Goal of the exercise: No pictures in the copy. Write out the listing below exactly.

Given data:
+++

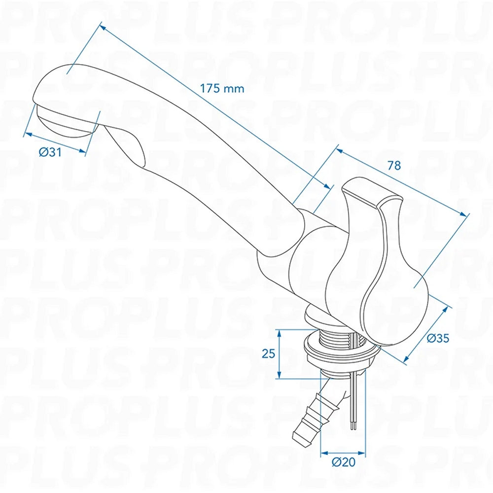 ProPlus 151212V03S Kalt Wasserhahn Style 2005 12V Ø20mm Chrom/Schwarz
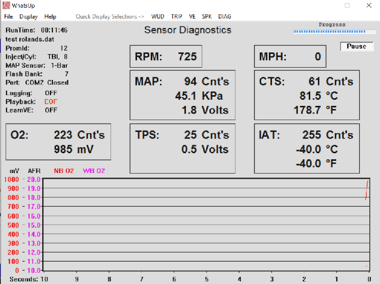 I have a data log file of the idle, but the file would not upload .
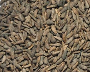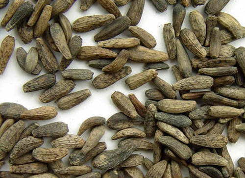 瘦果长倒卵形,两端平截,略扁微弯,长5-7mm,直径2-3mm。表面灰褐色或淡灰褐色,具多数细小黑斑,并有明显的纵棱线。先端较宽,有一圆环,中心有点状凸起的花柱残迹;基部狭窄,有圆形果柄痕。质硬,折断后可见子叶两片,淡黄白色,富汕性。果实无臭;种子气特异,味苦微辛,稍久有麻舌感。以粒大、饱满、色灰褐者为佳。

+++

Answer section:
 ProPlus 151212V03S Kalt Wasserhahn Style 2005 12V Ø20mm Chrom/Schwarz
 I have a data log file of the idle, but the file would not upload .
 瘦果长倒卵形,两端平截,略扁微弯,长5-7mm,直径2-3mm。表面灰褐色或淡灰褐色,具多数细小黑斑,并有明显的纵棱线。先端较宽,有一圆环,中心有点状凸起的花柱残迹;基部狭窄,有圆形果柄痕。质硬,折断后可见子叶两片,淡黄白色,富汕性。果实无臭;种子气特异,味苦微辛,稍久有麻舌感。以粒大、饱满、色灰褐者为佳。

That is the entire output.